Cependant Colomb ne voulait pas quitter ces parages sans être fixé d'une manière moins vague sur l'existence des mines d'or dont il entendait souvent parler aux indigènes; d'après les renseignements aussi clairs qu'il fut possible d'obtenir d'eux, il se détermina à faire voile vers l'Est à la recherche d'un pays qu'ils appelaient, les uns Bobèque, les autres Bohio, où ses vœux devaient être satisfaits.
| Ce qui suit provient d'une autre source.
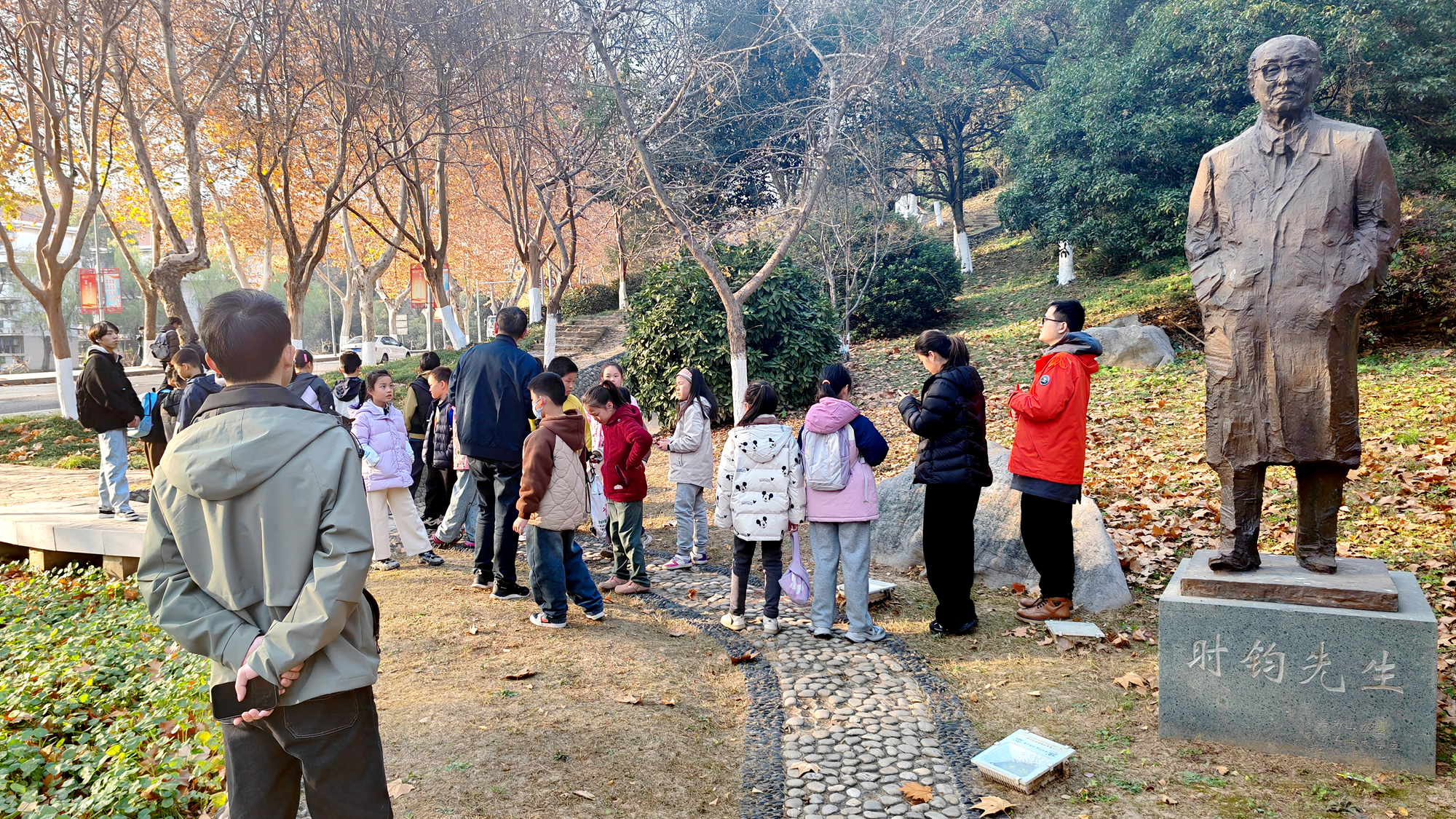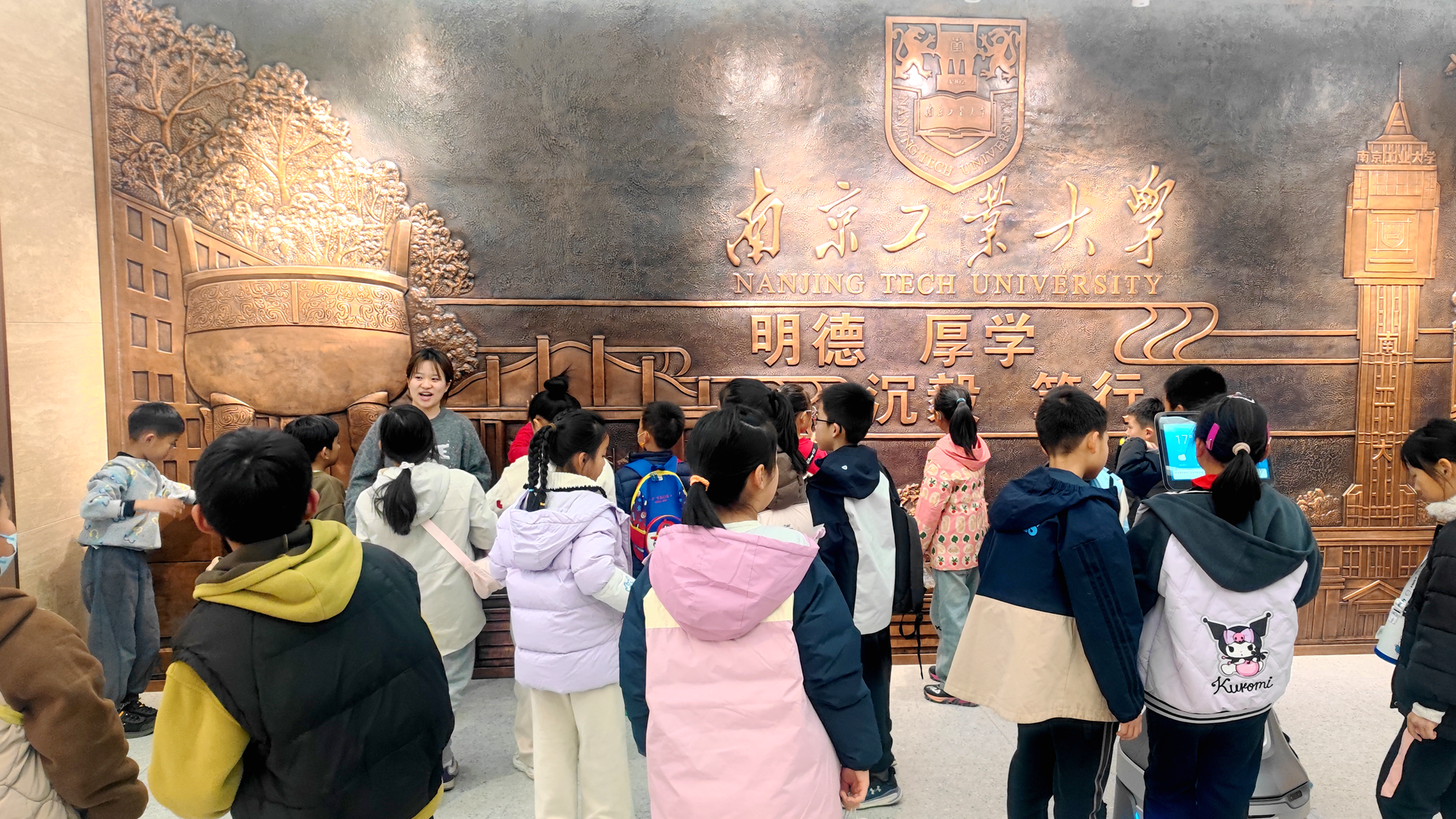 在大员工志愿者带领下,小读者们先后参观时钧园、打卡工大水塔,最后走进校史馆。讲解员引导大家深入了解校史馆、时钧馆、欧阳平凯纪念馆内涵,感受学校123年办学历史与“明德、厚学、沉毅、笃行”校训精神,体悟产学研协同创新特色。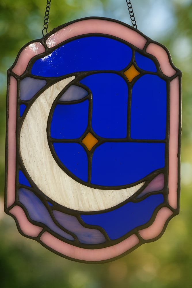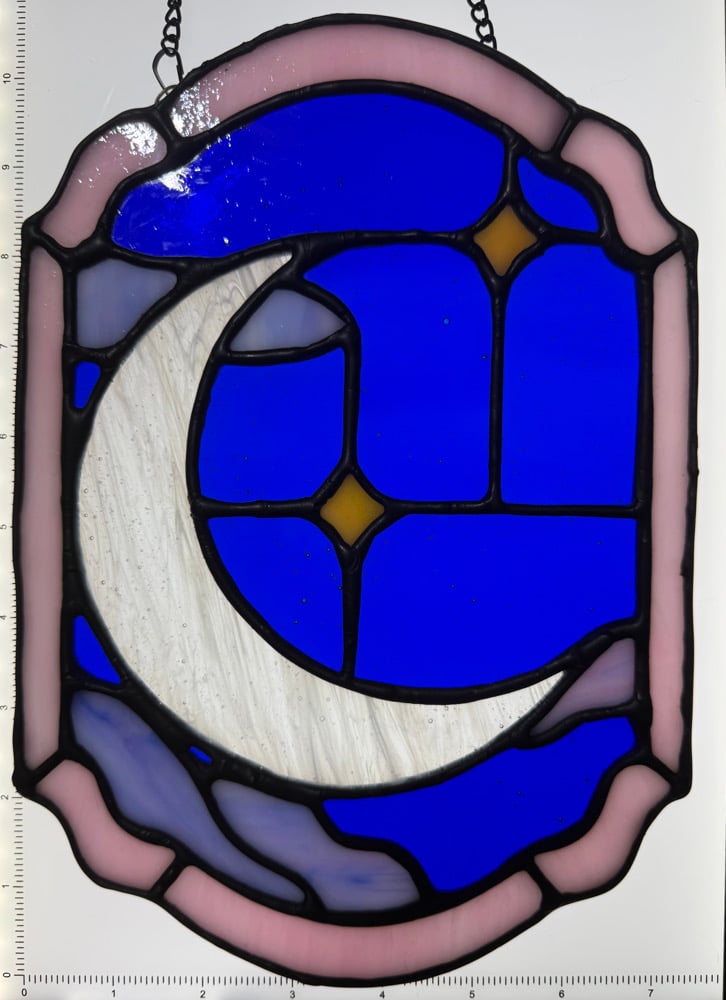 This handmade stained glass suncatcher features a soft celestial design with a glowing crescent moon surrounded by golden stars, drifting purple clouds, and framed in a pink border. The deep blue translucent background lets light shine through beautifully, while the mix of opaque and iridescent glass adds texture and depth.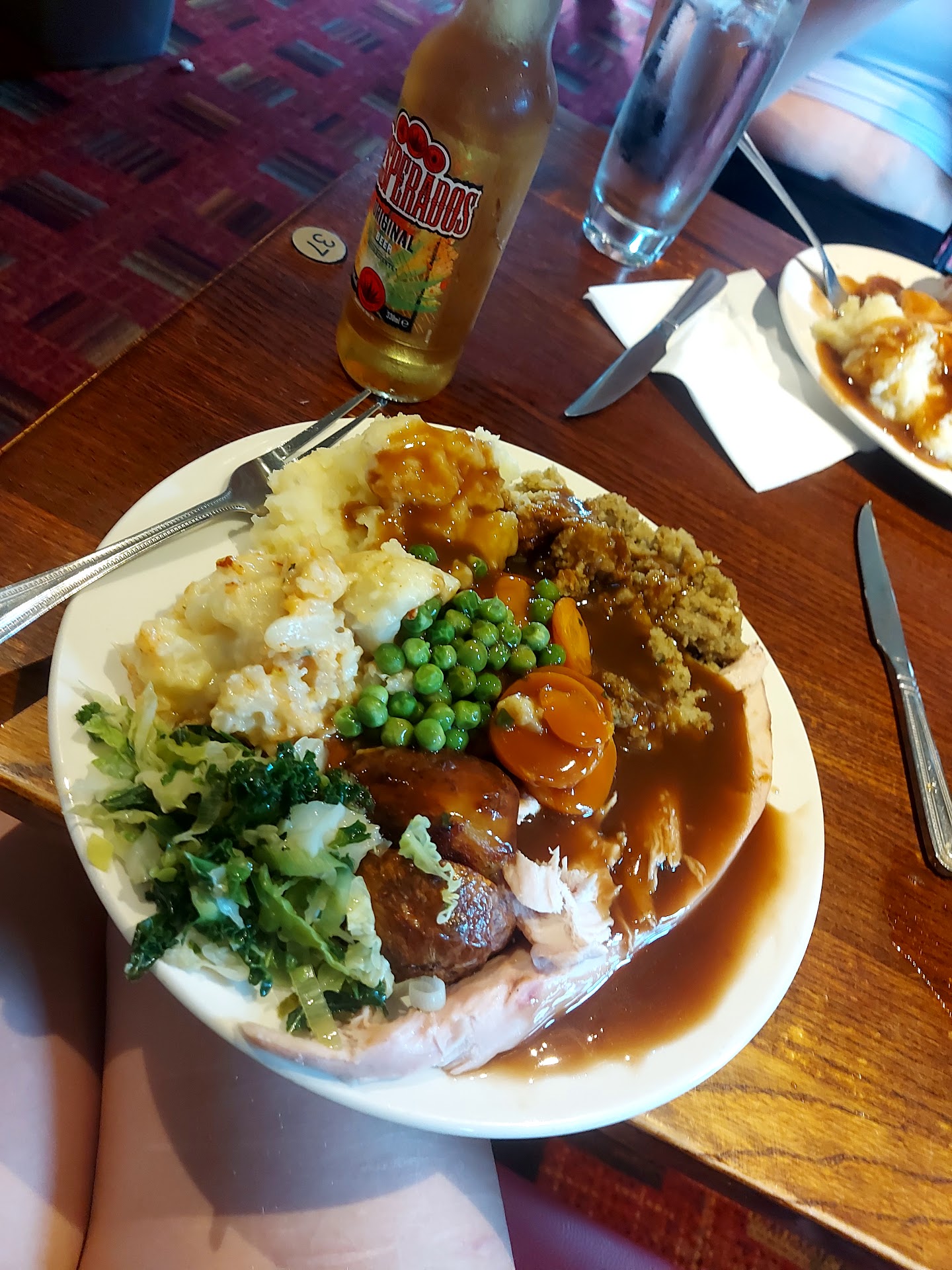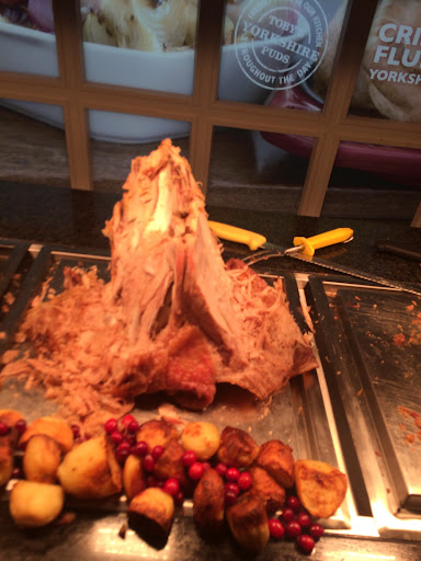 Read moreAfter being seated with 2 of my guests and ordering beverages I inspected the turkey crown which was bare to the bone on one side and close to bare and dry on the remaining. I asked a waitress if she would please request a fresh turkey and was told that they would not do so until the remaining portions had been served. My guests and I waited and I observed that only one part portion was served to another guest. Waiting for 15 minutes our server was asked for the manager and following a discussion between the manager and the original waitress the manager was asked politely if she would request a fresh turkey. The answer was I had already been told this would not happen until the remaining portions had been served. The manager was asked to accompany me to view the turkey and informed me she had no need to do so. The manager was informed that my party would leave and when asked stated that she had no objections to my photographing the turkey. The beverage check was requested and settled. To add further insult, my guest was stopped on the way out and questioned as to who was paying for the beverages. The enclosed photograph clearly shows the condition of the product. Simply put, disgusting quality of food, failure to resolve a simple customer service enquiry, lack of managerial skills and...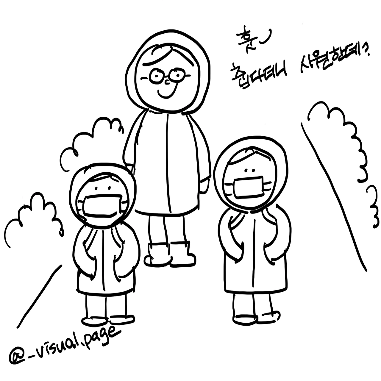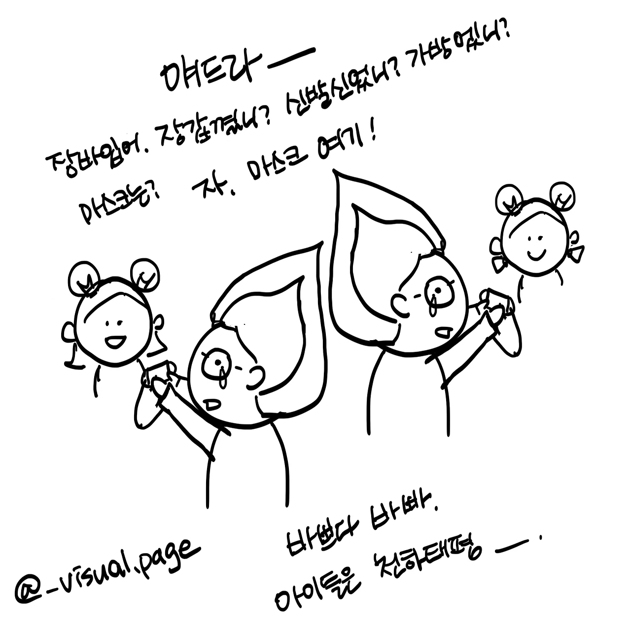 아이들 등원 길, 애 둘 잠바 입히고 가방 챙기고 마스크 씌워주느라 바빠서 내 마스크는 빼먹고 나왔다. 시계와 엘리베이터 층수 화면을 번갈아 보느라 눈이 예리한 첫째 마저도 내가 마스크를 안 한 것을 몰랐다. 현관에서 나와 아이들 두 손 잡고 걷는 순간 시원한 공기가 입 속을 한 바퀴 돌아 목구멍으로 넘어갔다. 아뿔싸, 노 마스크다. “얘들아~ 엄마 마스크 안 하고 나왔어. 어쩌지?” 하지만 그대로 유치원 버스를 타러 가야 하나 집으로 다시 가야 하나 고민도 사치일 만큼 1분 1초가 바빴기에 옷으로 입과 코를 틀어막고 버스로 향해 달렸다.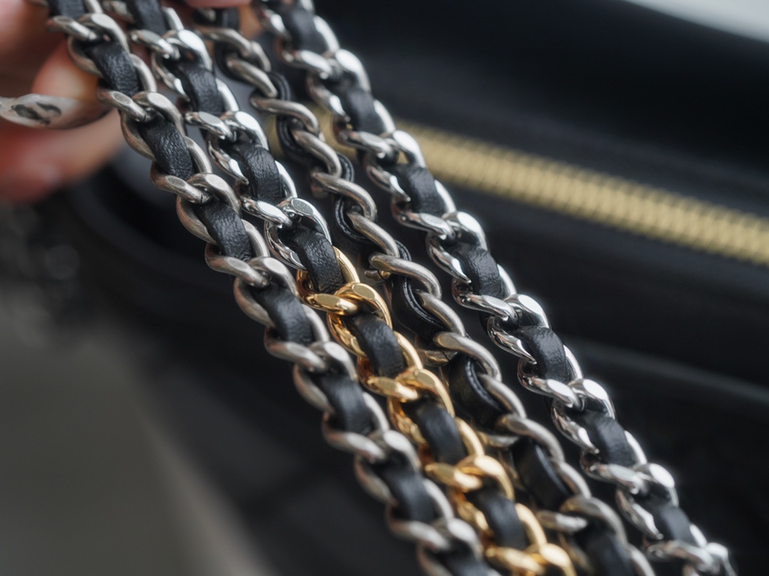 샤넬 펄리 램스킨 골드 메탈 블랙 체인 지갑 25SS

Ce fut pendant ces explorations que des sentiments de jalousie commencèrent à se faire jour dans l'âme d'Alonzo Pinzon: il paraît qu'il enviait à Colomb une gloire qu'il se donna l'importance et qu'il avait la présomption de croire qu'il aurait pu acquérir lui-même; quelques paroles assez vives furent même échangées entre eux, mais, pour le moment, les choses en restèrent là; cependant leurs relations en prirent un caractère beaucoup plus froid.

Les caravelles longèrent la côte pendant plusieurs jours en s'avançant vers l'Orient; elles doublèrent, dans cette route, un grand cap qui fut nommé cap Cuba, mais elles étaient vivement contrariées par les vents d'Est contre lesquels elles avaient à lutter. Le 21 novembre, au point du jour, Colomb, en montant sur le pont, ne vit pas la Pinta. La nuit, il s'était aperçu qu'elle s'éloignait de lui, et il lui avait fait de fréquents signaux de ralliement auxquels elle n'avait pas répondu; aussi, le grand-amiral ne fut-il que médiocrement surpris de son absence; mais il n'en fut pas moins très-vivement désappointé, car la Pinta était la meilleure voilière de l'expédition et c'était une diminution notable dans ses moyens d'exécution.

Colomb ne put attribuer cet acte qu'à un dessein prémédité de désertion volontaire. Certainement la capacité d'Alonzo était incontestable, les services qu'il avait rendus lors de l'armement étaient très-considérables; sa fortune, ses habitudes précédentes de commandement, tout en faisait un homme très-distingué; mais dans la circonstance où il se trouvait, prétendre, comme on a dit qu'il l'avait osé, à partager le commandement avec le grand-amiral, était inadmissible, et Colomb avait un sentiment trop élevé de sa dignité et de sa position pour y consentir. On a dit aussi que, voulant profiter de la supériorité de sa marche, il avait, par cupidité, voulu arriver à Bobèque avant la Santa-Maria; mais cette raison est aussi futile que l'autre, et elle montre également jusqu'à quel point l'ambition et l'intérêt personnel peuvent égarer les esprits. Le grand-amiral eut une crainte encore plus aiguë, ce fut qu'Alonzo ne l'eût quitté, lui qui, jadis, lui avait montré tant de zèle et de dévouement, pour se hâter de se rendre en Espagne et pour se donner le mérite des découvertes effectuées, en comptant sur les événements qui pourraient empêcher le retour de Colomb, ou, au moins, en gagnant du temps et en agissant à l'avance sur les esprits.